The defendant Parzychowski lives at 63 Chester Street, Chicopee, Massachusetts and maintains hives for bees at those premises. He was ordered to remove the beehives within seven days by an order dated June 10, 1986, based on the same regulation adopted May 14, 1986.

General Laws Chapter 111, Section 31 authorizes Boards of Health to adopt "reasonable health regulations."

General Laws Chapter 111, Section 122 authorizes the Board of Health to "make regulations for the public health and safety" relative "to nuisances, sources of filth and causes of sickness - - which may be injurious to the public health."

Considering the validity of the ordinance, paragraph 3 is an attempt to exercise the power granted to the Board of Aldermen respecting the regulation and control of agriculture through zoning ordinances - General Laws Chapter 40A, Section 3.

The procedural safeguards required in adopting and amending zoning ordinances are not to be by-passed through public health regulations without compelling pubic necessity.
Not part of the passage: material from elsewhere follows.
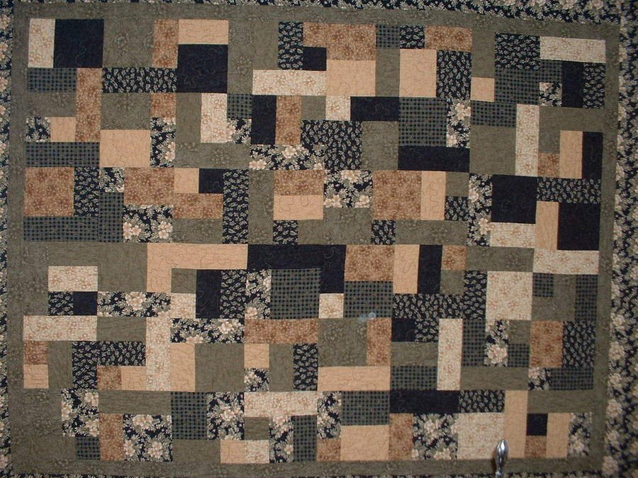 nannae05 Brown, black and white but pretty. - I just fell in love with the fabric. One of my quilt shops, "Gotta Have It Quilt Shop" in Baldwyn Ms. had one made up. So I bought the last kit and had a lot of fun making it. Even though the colors are muted and somewhat on the dull side, I thought the white flowers really perked it up. It is a very pretty quilt. I machine pieced it on a Bernian 1250 and free motioned quilted it on a long arm machine. I did a meandering large stippling type quilting on it. This block and type quilting lets the fabric show up. Which is what I like best about quilting, the fabrics!!! Hope you enjoy looking at my quilts.

As to paragraph #3 of the health regulation respecting bee keeping, I conclude in this form and with the background of the adoption of this regulation exceeds the power of the Board of Health to regulate an agricultural use in so broad a manner.

Paragraph #1 requires a permit.

I conclude there had been no determination by the Board of Health of the City of Chiopee that beekeeping is a pubic nuisance in the areas mentioned or a public nuisance per se in any area in the City. The requirement that all beekeepers must apply and obtain a permit is again overly broad.

I am unable to find any public nuisance in either case.

Paragraph #2 of the ordinance designates certain areas wherein beekeeping is forbidden, under any circumstances. Generally speaking beekeeping has been considered a useful and productive aspect of agriculture generally in the two articles mainly dealing with the subject. These appear in 39 A.L.R. 352 and in 88 A.L.R. 3rd 992.

Paragraph #3 proceeds on the assumption that beekeeping is a public nuisance in the areas designated. Nothing in the record of the proceeding of the Board of Health substantiates that assumption. I conclude paragraph #3 is overly broad and again an exercise of power better left with the Board of Aldermen under the zoning enabling act.

In each case I find the defendant not guilty. So entered. December 29, 1986, Edward C. Peck Jr., Presiding Justice.